Image via iStock.com/fottograff
Hedgehogs have quickly become a favorite pet amongst people across the world. While they do not rival the dog or cat, you can still find Instagram accounts dedicated to the adventures of someone’s pet hedgehog.
However, the Center for Disease Control and Prevention (CDC) has recently reported that there has been an outbreak of salmonella that can be traced back to contact with hedgehogs. According to the CDC, “eleven people infected with the outbreak strain of Salmonella Typhimurium have been reported from eight states.”
The investigation notice also explains that the epidemiologic and laboratory evidence points to contact with hedgehogs as the likely source of the outbreak. According to the notice, “In interviews, 10 (91 percent) of 11 ill people reported contact with a hedgehog.”

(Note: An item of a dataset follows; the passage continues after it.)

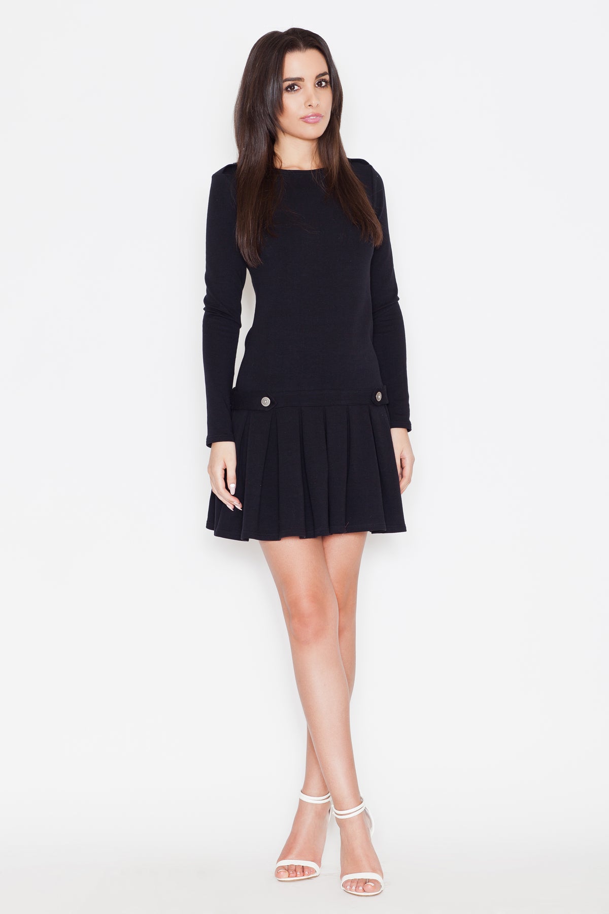 Vestido de algodón de manga larga con charreteras en hombros y caderas, botones decorativos, sin bolsillos y cremallera oculta en la espalda.

The CDC explains that “Hedgehogs can carry salmonella germs in their droppings while appearing healthy and clean. These germs can easily spread to their bodies, habitats, toys, bedding, and anything in the area where they live. People become sick after they touch hedgehogs or anything in their habitats.”
While hedgehogs may be the source of this salmonella outbreak, the CDC does not recommend keeping them as pets. However, they do offer some tips of advice for hedgehog owners and enthusiasts to help them stay safe:
Always wash your hands with soap and water after touching, feeding or caring for a hedgehog—especially if you have been cleaning their habitat.
Do not kiss or snuggle your hedgehog. This can spread salmonella germs to your face and mouth and get you sick.
Clean your hedgehog’s habitat and toys outside the house. Do not clean in your kitchen or any location where food is stored, prepped or served.
A hedgehog is not a suitable pet for children under 5 years old or adults over 65, who may have a compromised immune system.